When the troops came home they might have expected a better reception but the concept of a ‘land fit for heroes’ was still in the distant future. While the Royal Navy had usually enjoyed a positive public  profile the army was not so well thought of. The many hundreds of wounded ex-servicemen found it hard to adjust to ‘civvy street’ when they returned.

Walter Palmer had served in the Coldstream Guards in the Crimea. The regiment fought at Alma, Sebastopol and Balaklava and won four of the newly minted Victoria  Crosses. Palmer was a man with a tale to tell then. He’d been badly wounded and returned to London missing three fingers from his right hand. With his army pay burning a hole in his jacket pocket he had set himself up at a table in the Star and Garter pub in Westminster, regaling all who would listen with his tales of the war.

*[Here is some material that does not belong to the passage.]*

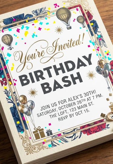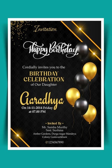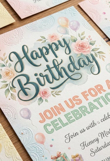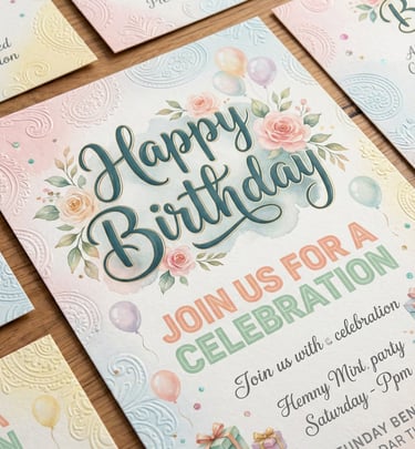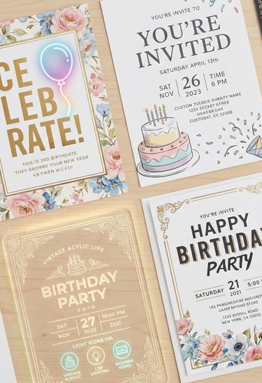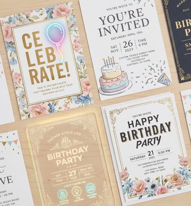 Announce your birthday party in style with elegant and eye-catching invitation cards. Crafted with premium designs and creative layouts, these invitations highlight every important detail while adding a touch of charm and sophistication, making your event feel truly special from the very beginning.

Apparently he attracted quite an audience; ‘entertaining a party of ardent lovers of military glory with his recital of his adventures and exploits at the seat of war, and liberally standing treat for his patriotic hearers’.

As Palmer boasted of his life with the guards he flashed his money about and this caught the attention of some of the less patriotic members of the crowd. As he left, arm in arm with a ‘lady’ he’d met, a couple of them followed him along King Street.

One of these was Thomas French and Palmer was not so drunk that he hadn’t noticed the ‘dissipated young man’ watching him intently in the pub. French and the other man, later identified as Philip Ryan, rushed him and robbed him. The damage to his hand meant the soldier was unable to defend himself and thrown down to the ground. French reached inside his tunic and cut away his inside pocket, stealing 15 in silver coin.

Ryan ran off at the sound of an approaching policeman but French stopped and pretended to have just arrived to help the soldier. He consoled him about his ‘treatment by “those villainous rogues”‘ and helped him to his feet. Palmer went along with the ruse until the policeman arrived and then gave him into custody. Ryan returned to try and rescue his mate and wrestled with the copper. French shoved a handful of money at his pal urging him to swallow it.

Ryan got away but after French was secured at the station the police quickly apprehended him. In court at Bow Street Ryan’s solicitor defended his client saying there was little evidence of his involvement in the crime. The magistrate, Mr Henry reluctantly agreed, accepting that since the young man had since spent a week in custody that was perhaps sufficient punishment for now. Ryan was released.

Thomas French was much more clearly involved and it was revealed that he had string of previous convictions. He was minded to send him for jury trial and a possible long period of imprisonment or worse. French was alive to the possibility that he might fare badly in front of a jury and so he made a last ditch attempt to plead for leniency.

He asked to be dealt with summarily, promising that if ‘His worship could give him one more chance, he would reform and “become a new character altogether”. I suspect Mr Henry had heard that one  a hundred times before but he allowed the youngster’s plea and sent him to prison for three months. Harsh maybe, but not as bad as being locked up for years or sent to Australia.